The topic of business entities is too complex to discuss completely in this article, but what follows is an overview that should help you get started.1

 

States Make Entities

 

Every state establishes its own laws for business entities. Your state will decide the types of entities that are available to you, as well as the fees and the laws that govern the entities.

 

Thus, when you look to form a particular business entity, such as a corporation or a limited liability company (LLC), the first thing you need to do is determine which types are available in your state.

 

Consider state law first. You have a lot of issues to weigh at the state level, such as liability protection, fees, transferability of ownership, and state regulation of your industry.

 

Consider these state level issues before you think about federal tax law. For the most part, you can usually still choose the federal tax treatment you want.

 

Federal Tax Law Categories

 

Federal tax law reduces all of the different state level business entities into four main categories:2

 

·

Sole Proprietorships

·

Partnerships

·

C corporations (which include personal service corporations)

·

S corporations

 

C Corporations and S Corporations

 

Federal tax law requires some business to pay taxes as corporations. Other businesses get to choose.

 

Under the mandatory rule, if state law refers to your business as a “corporation,” then you have to use corporate taxation.3

 

Under the optional rule, if you set up a business entity (such as an LLC) in your state, you can choose to use federal corporate taxation.4

 

C corporations. If you have a C corporation (the default choice), you pay tax twice. Technically, the corporation pays tax, and then you pay another tax when you receive distributions like dividends. (See more about this in Double Taxation.)

 

S corporations. If you meet certain requirements, you can elect to make your corporation an “S corporation.”5 This means your corporation does not pay tax. Only you, the shareholder, pay tax. (See more about this in Pass-Through Entity.)

 

Sole Proprietorships and Partnerships

 

If you don’t choose to be a corporation, you will have a sole proprietorship or a partnership.

 

Which one do you have? The answer depends on how many people share in the ownership of your business:

 

·

One owner. You have a Sole Proprietorship. The tax code refers to your sole proprietorship as a “disregarded entity,” which means that all of the business’s income and deductions end up on your individual tax return.

·

More than one owner. You have a Partnership. The partnership does not pay taxes as an entity, but the partnership files a Schedule K-1 to tell the IRS how the partners divide income and losses for that year. As one of the partners, you will use that information to file your individual return.

 

Husband-and-wife businesses. In most states, your spouse counts as a separate owner. So if you co-own a business with your spouse, the two of you have a partnership, not a sole proprietorship.6

 

You and your spouse can simplify your partnership reporting by opting to classify your business as a Qualified Joint Venture.7

 

Even better, if you happen to live in one of the community property states, then you and your spouse also have the option to classify your business as a sole proprietorship.8

 


 

1    At the Tax Reduction Letter, we have detailed articles and tools that can guide you further down this path.

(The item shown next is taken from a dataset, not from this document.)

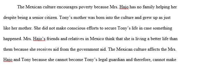 Discuss one aspect of your client’s culture that you think has had an impact on your case:Mrs. Harjo and Tony: Mrs. Harjo is 65 year old female who identifies as Latina. She lives in Globe, Arizona, and subsists on Supplemental Security Income, SNAP (Supplemental Nutrition Assistance Program, commonly known as food stamps), and her garden. Mrs. Harjo has been living alone since the death of her husband five years ago. She is the daughter of Mexican immigrants, and visits her hometown in Mexico for Semana Santa every other year.

2    Reg. Section 301.7701-2(a) and (b). The regulation refers to “sole proprietorships” as “disregarded entities.”

3    Reg. Section 301.7701-2(b)(1). You also have a “per se corporation” if the statute under which you organized your business refers to the entity as “incorporated,” “body corporate,” or “body politic.”

4    Reg. Section 301.7701-2(b)(2).

5    See IRC Section 1361.

6    IRS Pub. 541, Partnerships, posted March 9, 2011, p. 3.

7    IRC Section 761(f).

8    The community property states are Arizona, California, Idaho, Louisiana, Nevada, New Mexico, Texas, Washington, and Wisconsin. See IRS Pub. 555, Community Property.